The Sham Iran Nuclear Deal
Are things “coming to a head concerning Iran’s nuclear program?” (“Trump: Absolutely No Nukes for Iran,” Editorial, April 18).
The Obama-Biden negotiations with Iran are a perfect case to explain why Americans have lost confidence in Washington’s foreign policy in the Middle East. Obama arrogantly told Americans and Israeli Prime Minister Benjamin Netanyahu that the Joint Comprehensive Plan of Action (JCPOA) with Iran was in the Middle East’s best interest.
Obama wanted Americans to think the JCPOA would be a diplomatically successful agreement with Iran. But it wasn’t verifiable and Iran was never in full compliance with the JCPOA. It was not diplomatically successful; it was a diplomatic embarrassment.
In 2018, President Trump withdrew the U.S. from the deal. He then began a maximum-pressure campaign of economic sanctions against Iran.
President Biden immediately resumed “indirect” negotiations with Iran, even as Tehran financed terror groups across the Middle East. The indirect talks failed to produce positive results for U.S. Middle East policy. By the end of Biden’s presidency, the U.S. had little diplomatic credibility in the region.

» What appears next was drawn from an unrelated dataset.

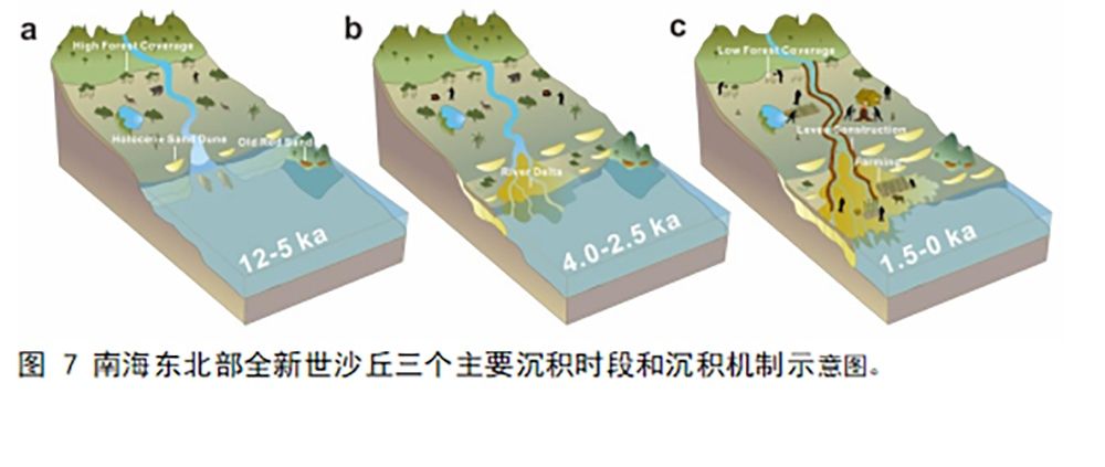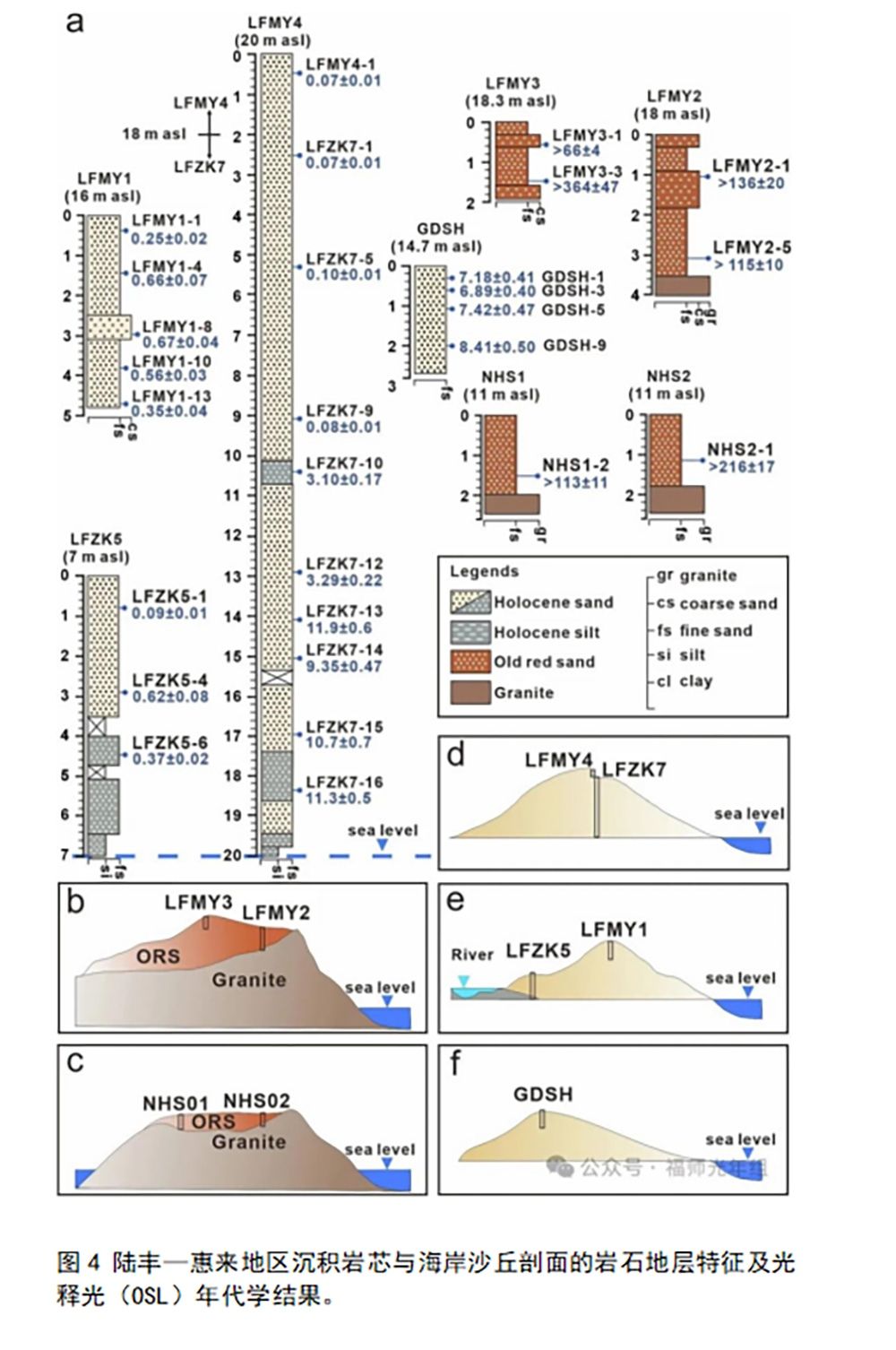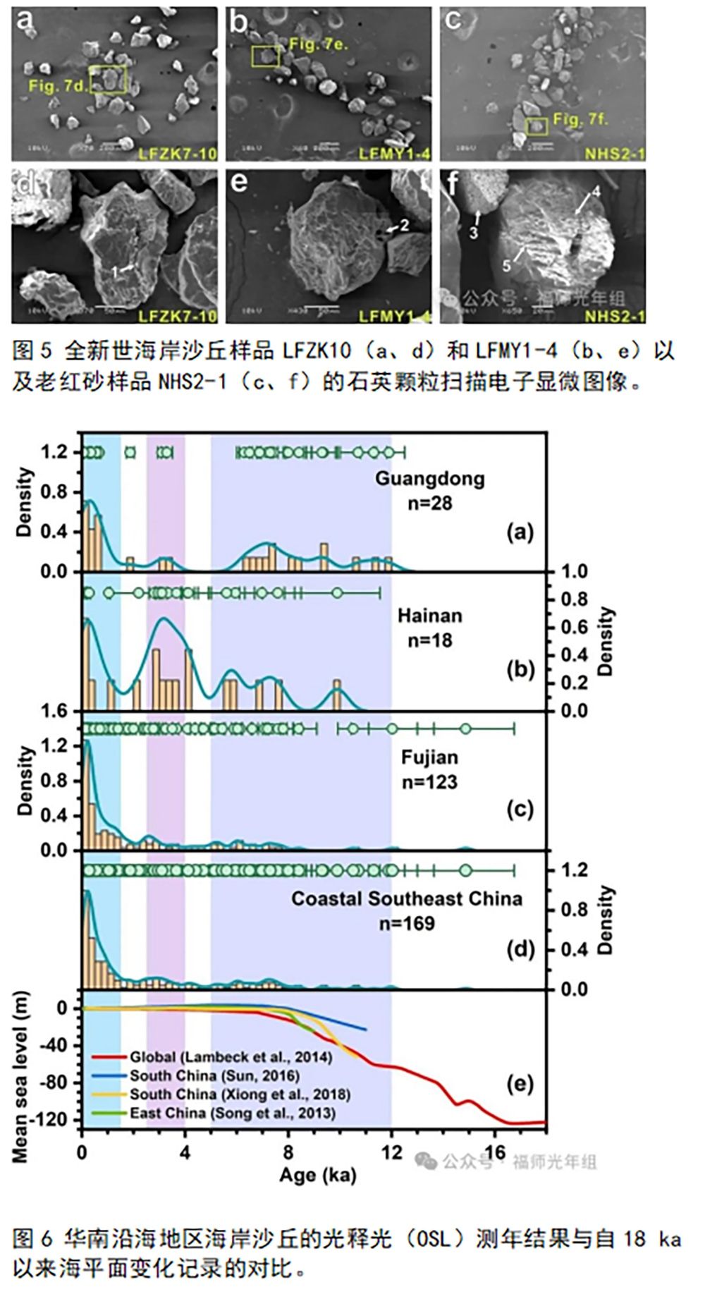 广东省有长约4300公里的海岸线,其海岸沙丘沉积记录对于重建全新世以来的海岸环境变化与人类活动影响具有重要意义。然而,目前对于这些海岸沙丘沉积序列的精确定年及成因机制,特别是其区域差异性和形成驱动力,仍缺乏系统、深入的认识。本研究在广东东部陆丰—惠来地区的沙丘进行了钻探、野外采样及光释光(OSL)测年、矿物颗粒形态分析的工作。研究结果表明:(1)广东海岸老红砂的OSL测年结果显示其形成于海洋氧同位素5阶段(MIS 5)。(2)对南海东北部沿海地区已发表的169个全新世沙丘年代数据(包括已发表的147个和本研究的22个OSL年代)的综合分析揭示了该地区沙丘沉积的三个主要阶段:分别为12–5 ka、4–2.5 ka和1.5–0 ka。(3)气候和人类活动影响了全新世海岸沙丘的形成过程。该成果为深入理解华南沿海地貌演化及其驱动机制提供了重要年代学证据。

Since President Trump’s return to the Oval Office, he has pursued direct negotiations with Iran. Negotiations are underway between Special Envoy Steve Witkoff and his counterparts. Reportedly, U.S. and Iranian teams will soon begin more indirect negotiations. If the two sides cannot agree on whether the talks should be direct or indirect, more delay and frustration could result.
Iranian Foreign Minister Abbas Araghchi recently said about the negotiations: “There is no reason for much optimism, and there is no reason for much pessimism either.” This is progress?
James Patterson
(not the novelist)
Washington, D.C.
America’s Radical Left A Reincarnation Of Germany’s Nazis
Rabbi Moshe Taragin’s column “Yom HaShoah: Echoes of Hatred: Antisemitism From 1940 To 2023” (April 25) is an excellent essay comparing the moral, religious, and cultural similarities between the horrific events of the 1940s to those today. Having lived through that period, fortunately from the safety of America, I would also like to comment on another aspect of those two eras – that of the actual physical violence directed against the Jews. Those familiar with both histories should recognize that today’s American radical left is employing some of the same tactics used by the German Nazis of the 1930s and 40s.

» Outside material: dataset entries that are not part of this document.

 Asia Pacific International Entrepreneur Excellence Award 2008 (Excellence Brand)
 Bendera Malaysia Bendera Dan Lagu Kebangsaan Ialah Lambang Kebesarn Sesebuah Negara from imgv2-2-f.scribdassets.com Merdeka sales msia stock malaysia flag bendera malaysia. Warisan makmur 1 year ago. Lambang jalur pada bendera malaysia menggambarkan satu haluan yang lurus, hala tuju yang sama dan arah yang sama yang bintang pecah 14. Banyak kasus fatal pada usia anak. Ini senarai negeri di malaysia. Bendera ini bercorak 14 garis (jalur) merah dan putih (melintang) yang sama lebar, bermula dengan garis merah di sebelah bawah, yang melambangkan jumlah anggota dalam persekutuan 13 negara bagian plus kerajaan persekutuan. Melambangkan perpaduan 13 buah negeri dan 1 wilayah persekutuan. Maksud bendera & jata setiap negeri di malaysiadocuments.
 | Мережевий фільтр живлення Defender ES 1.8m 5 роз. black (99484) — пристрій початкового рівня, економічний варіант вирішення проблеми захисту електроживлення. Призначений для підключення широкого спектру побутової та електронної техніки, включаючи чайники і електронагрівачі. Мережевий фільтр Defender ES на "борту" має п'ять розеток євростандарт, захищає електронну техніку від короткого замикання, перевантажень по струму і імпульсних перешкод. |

Today’s increasing street violence, intimidation, and bullying of people they don’t like are a throwback to the Nazi brownshirt roving gangs of the 1930s. Their complete domination of the media and entertainment industries is akin to the takeover of all means of information by the Nazi propaganda minister, Joseph Goebbels. The infiltration of youth at all levels of academia parallels the Hitler Youth movement. The deliberate racial divisiveness is a mirror of the absurd artificial Nazi racial profiling. And the politicizing of U.S. government agencies recalls the seizure by the Nazis of the democratically elected German government.
And then, of course, we come to the Jews, who are the perennial scapegoats blamed for all of society’s ills. First the Nazis isolated and discriminated against the Jews with boycotts and the Nuremberg Laws. Then they escalated to outright violence and destruction of synagogues and other Jewish establishments on Kristallnacht. Finally, the Nazis slaughtered all European Jews during the Holocaust, the worst genocide in recorded history. Disturbingly, today’s American left has already begun going down that path and are openly attacking Jews, sometimes labeling them as “Zionists,” in the streets, in their synagogues and institutions, and intimidating and bullying them in businesses and schools. All while these same forces continue to violently “resist” the democratically elected president and Congress.
We therefore have to be vigilant so that we don’t fall into the trap that the philosopher Santayana so famously warned about: “Those who cannot remember the past are condemned to repeat it.”
Max Wisotsky
Highland Park, N.J.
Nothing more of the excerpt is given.